◆ Problem requirements ◆
Find "Subjective and objective" in the material, then return exactly the line containing it and all lines after it to the end, leaving out pictures.

◆ Given material ◆
((
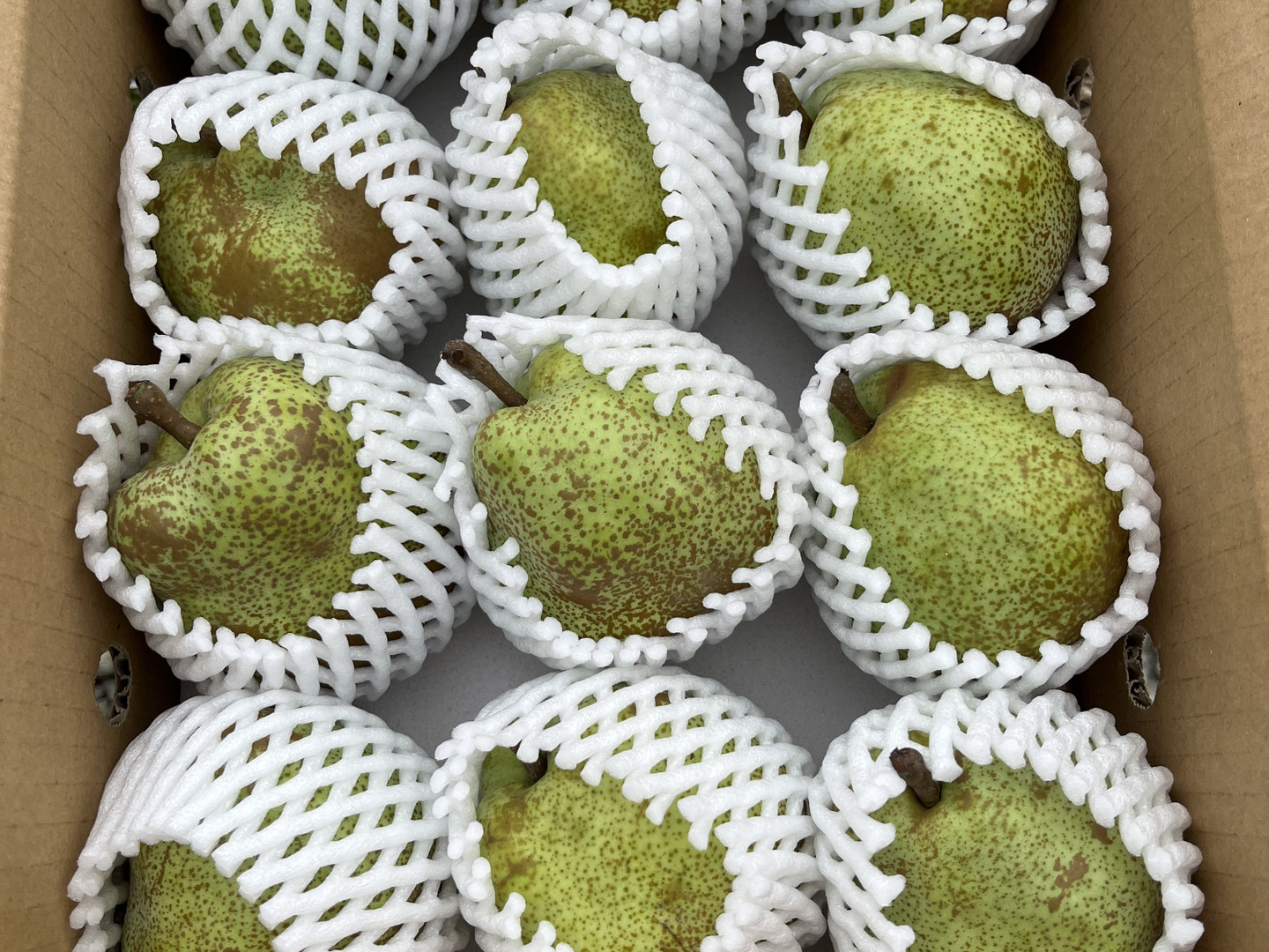 ラ・フランスは追熟しても果皮の変化があまりありませんが、うっとりするような香りがしてきます。軸まわりにシワが寄ってきて、指の腹で押すと沈むようであれば食べ頃が始まっています。
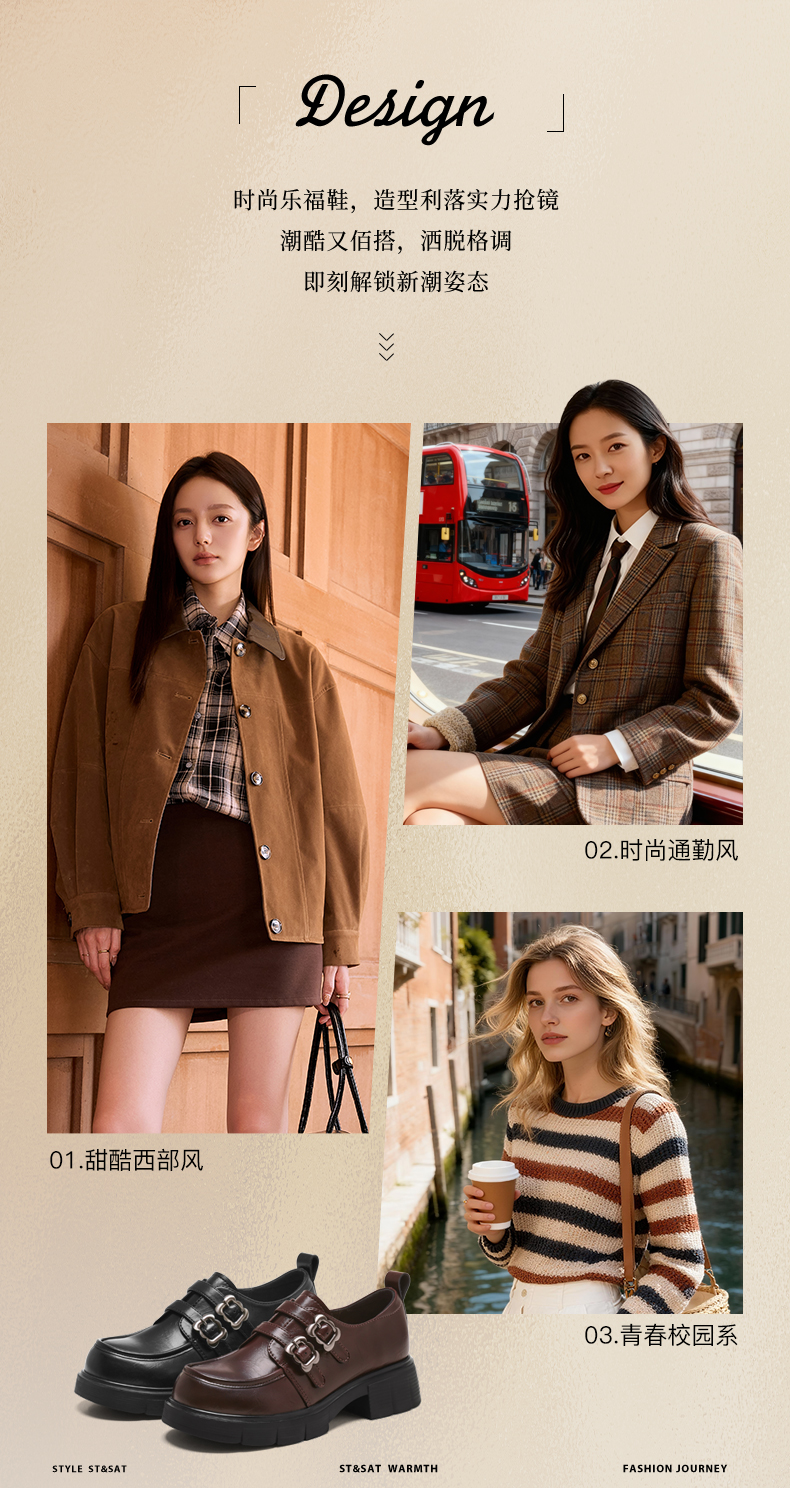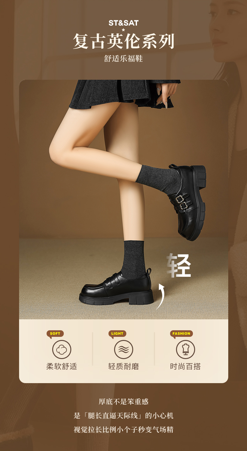 星期六26春新款学院风厚底花花乐福鞋SSE1112C3Y
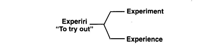 Subjective and objective factors are embodied in the two basic elements of the scientific method: observation and experimentation. "Experiment" refers to the process of objectifying a phenomenon. It is instructive to note that it comes from the Latin root "experiri," meaning to "try out," which is also the root of the word "experience" (Figure 6) (1:644-645).
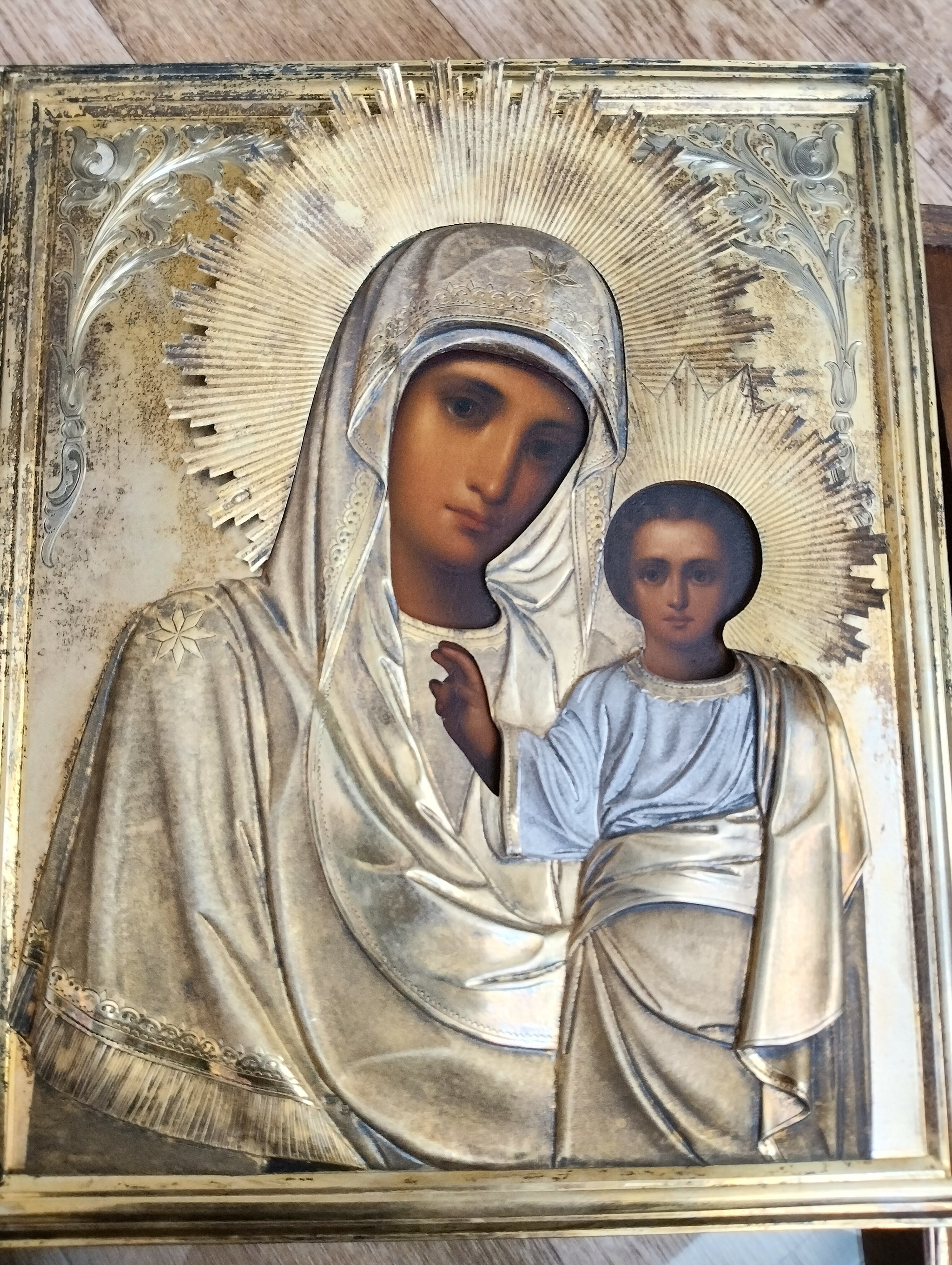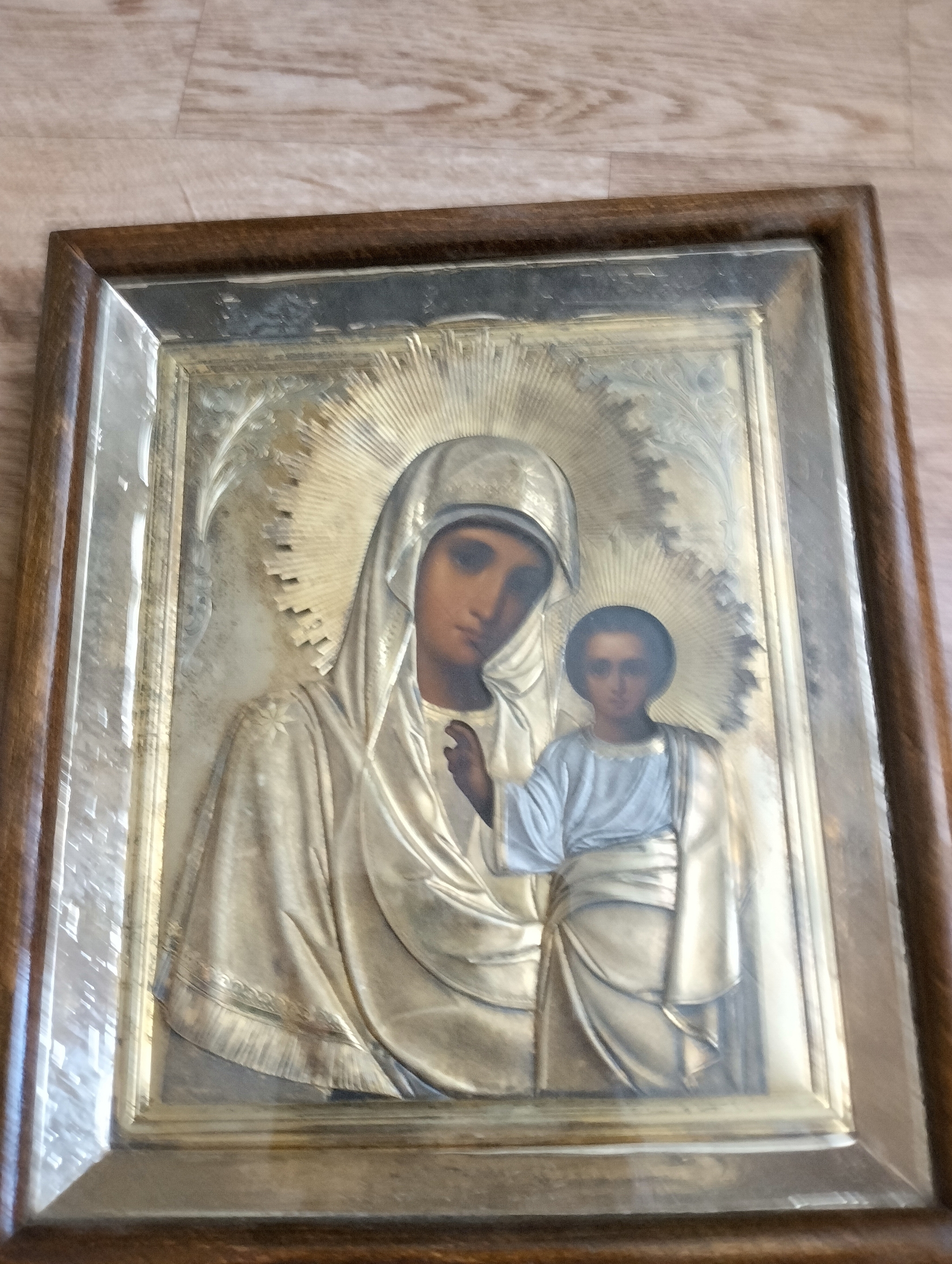 Как -то заехал к теще на блины ,и за разговором она мне показала семейную икону в киоте.Выдав при этом, интересную историю о том,что одна из бабок была игуменьей Иверского монастыря в Самаре ,а икона -одна из тех,что монахини спасали от большевиков ,когда разрушали монастырь. Икона в киоте,открутил винты ,достал ...шикарное состояние ,оклад серебро 84пр.,сусальное золото,а сзади та самая запись.Далее ,гугл в помощь ,сайт монастыря ,история от основания до 1917 года,а далее ..нет такой такой игуменьи и не было в их списках, или все -таки 17 год внес свою лепту. Теща рассказывала ,что монахини спасли самые ценные иконы и вещи ,а потом прятались от Советской власти.
))
◆ Exercise response ◆
 Subjective and objective factors are embodied in the two basic elements of the scientific method: observation and experimentation. "Experiment" refers to the process of objectifying a phenomenon. It is instructive to note that it comes from the Latin root "experiri," meaning to "try out," which is also the root of the word "experience" (Figure 6) (1:644-645).
 Как -то заехал к теще на блины ,и за разговором она мне показала семейную икону в киоте.Выдав при этом, интересную историю о том,что одна из бабок была игуменьей Иверского монастыря в Самаре ,а икона -одна из тех,что монахини спасали от большевиков ,когда разрушали монастырь. Икона в киоте,открутил винты ,достал ...шикарное состояние ,оклад серебро 84пр.,сусальное золото,а сзади та самая запись.Далее ,гугл в помощь ,сайт монастыря ,история от основания до 1917 года,а далее ..нет такой такой игуменьи и не было в их списках, или все -таки 17 год внес свою лепту. Теща рассказывала ,что монахини спасли самые ценные иконы и вещи ,а потом прятались от Советской власти.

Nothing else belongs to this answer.